27 of 921 comments (clear)

  1. Oh Noes! by binarylarry · · Score: 5, Funny

    If we let cursive die, calligraphy could be next to go!

    --
    Mod me down, my New Earth Global Warmingist friends!
    1. Re:Oh Noes! by clang_jangle · · Score: 5, Funny

      What? Cursive is just a matter installing a cursive font.

      --
      Caveat Utilitor
    2. Re:Oh Noes! by tempest69 · · Score: 4, Funny
      actually, the problem is that schools arent teaching children to text.. look at how many 40year olds struggle to get out a paragraph in 15 minutes.
      Texting would be the far more appropriate skill to teach.

      Storm

    3. Re:Oh Noes! by CrosseyedPainless · · Score: 3, Funny

      See, that's the advantage of print. That link you provided? Gibberish. I couldn't read a single word of the handwriting examples provided. It looked like somebody wrote "pengÅ'", which is obviously not a word.

    4. Re:Oh Noes! by MaskedSlacker · · Score: 4, Funny

      You just don't know how to do this on a computer.

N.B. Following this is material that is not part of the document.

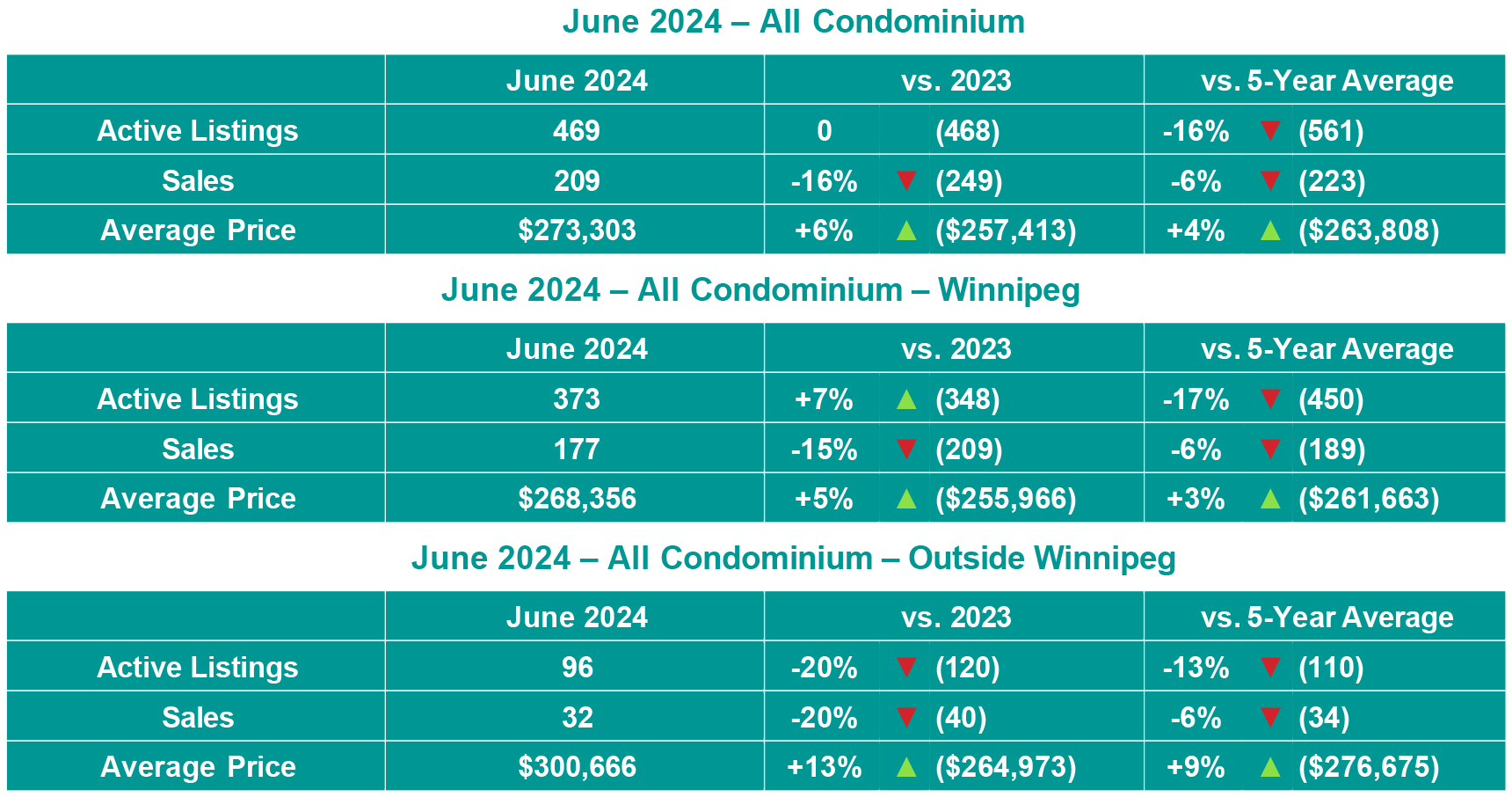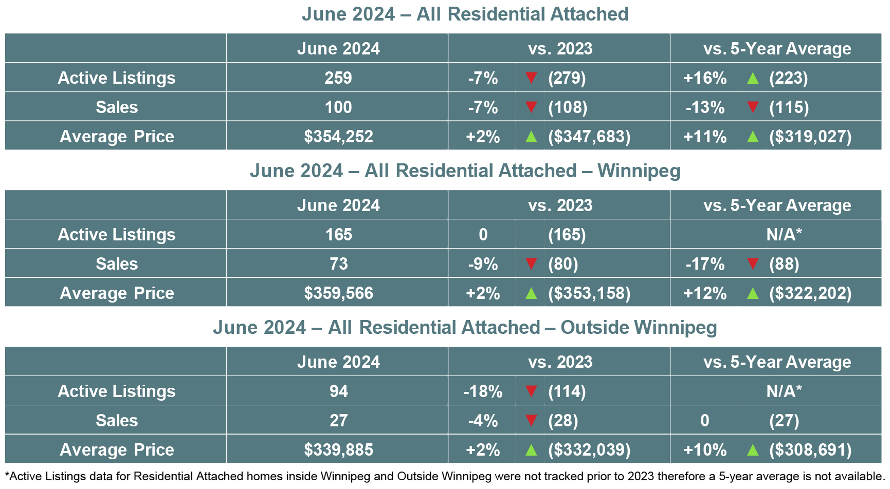 Winnipeg, July 9, 2024 – The first-half real estate market results for 2024 across the Winnipeg Regional Real Estate Board's market region saw All MLS® sales of 7,288 up 13% over 2023. MLS® listings of 12,399 were up 4% while dollar volume of $2.8B was up 20% over 2023. First-half 2024 residential detached MLS® sales of 4,979 were up 11% and the average price of $424,193 was up 6% when compared to last June. First-half 2024 condominium MLS® sales of 1,119 were up 13% and the average price of $277,252 was up 9% over last June while residential attached MLS® sales of 522 were up 15% and the average price of $365,719 up 9% over last year.

      I use a custom perl script so I can write all my essays in plain text with comment lines. The script strips out the comments, builds a latex source file, and compiles to pdf automatically. I've been considering adding in rtf support for the rare occassions I need to work with people who insist on using word processors (which I despise for being slow and inefficient for my purposes), but haven't gotten around to it yet.

    5. Re:Oh Noes! by arclyte · · Score: 3, Funny

      I'm a lefty you insensitive clod! This is just another of piece of the oppressive propaganda spread by the righty elite. Lefties have rights too, you bastards! Not only am I quicker at printing than cursive, but it is also much more readable... Part of this has to do with righty teachers not knowing how to teach a lefty (although, unlike when my dad was a kid, they actually let me write with my left hand...) but also because the cursive writing system has biases against lefties. Lefties unite! Death to cursive writing!

    6. Re:Oh Noes! by megrims · · Score: 5, Funny

      Well done. You've requested justification for an unsupported statement and made one in the same breath.

    7. Re:Oh Noes! by Velox_SwiftFox · · Score: 2, Funny

      But it's so hard to not make a mess when you lift your quill from the parchment for every letter, instead of a new dip in the inkpot for a new word.

    8. Re:Oh Noes! by forkazoo · · Score: 3, Funny

      I keep my weekly logbook in cursive writing.

      I'm an Engineer, and my logbook must be kept for 6 years after my death for legal reasons. If all goes well, that'll be in 70+ years. It is unlikely at best that anything written on a computer will be readable in that time frame.

      Are you kidding? In 70 years, my cell phone's built in camera will have enough resolution to do full forensic data recovery just by taking a picture of a hard drive.

    9. Re:Oh Noes! by Anonymous Coward · · Score: 1, Funny

      Speaking every every word and makes it easy to hear what is missing

      but apparently not what is superfluous...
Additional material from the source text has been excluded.